» **LISTED RECORDS**
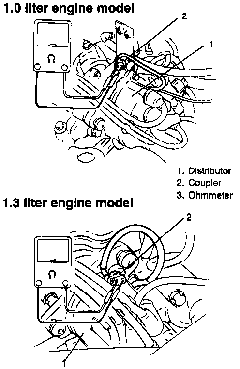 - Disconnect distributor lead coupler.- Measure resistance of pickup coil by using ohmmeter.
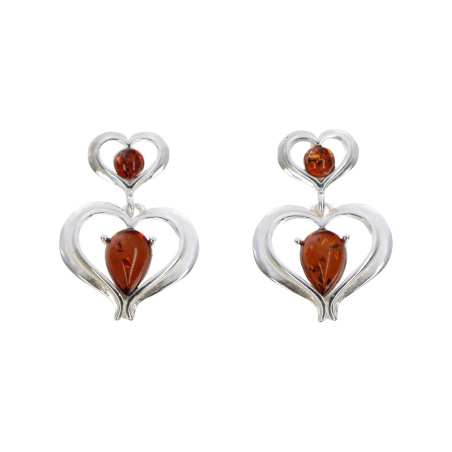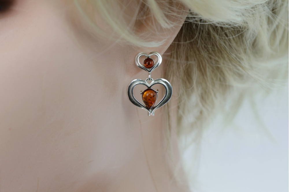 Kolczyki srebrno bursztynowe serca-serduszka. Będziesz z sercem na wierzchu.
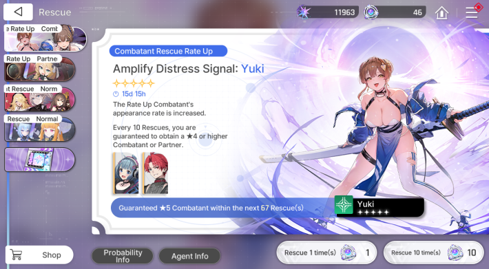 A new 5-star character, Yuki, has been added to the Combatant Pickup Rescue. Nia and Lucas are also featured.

--

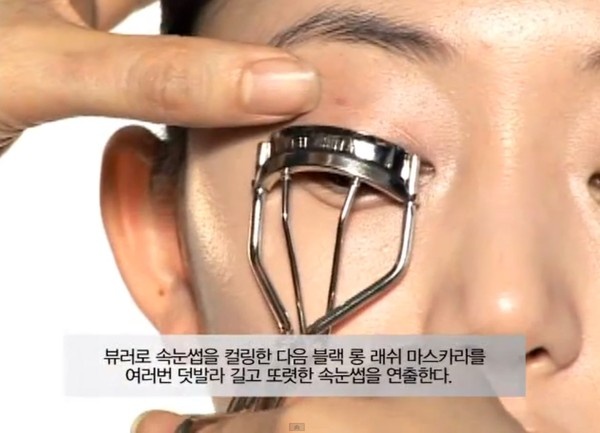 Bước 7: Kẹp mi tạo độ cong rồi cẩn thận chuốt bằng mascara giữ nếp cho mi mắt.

==

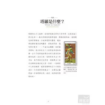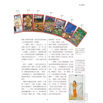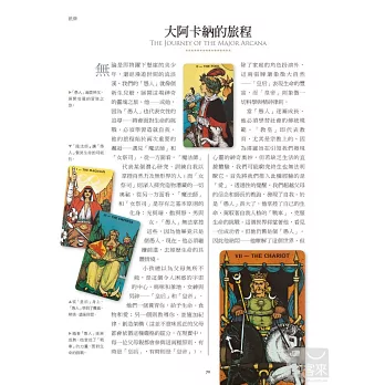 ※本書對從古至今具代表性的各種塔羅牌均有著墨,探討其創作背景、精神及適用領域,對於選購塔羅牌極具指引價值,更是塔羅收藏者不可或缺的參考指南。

» **WHAT THIS TASK INVOLVES**
Copy the lines above exactly, starting at the one with "Kolczyki srebrno bursztynowe" and ending at the one with "A new 5-star", both included. Leave out any pictures and add nothing else.

» **RESULT OF THE TASK**
 Kolczyki srebrno bursztynowe serca-serduszka. Będziesz z sercem na wierzchu.
 A new 5-star character, Yuki, has been added to the Combatant Pickup Rescue. Nia and Lucas are also featured.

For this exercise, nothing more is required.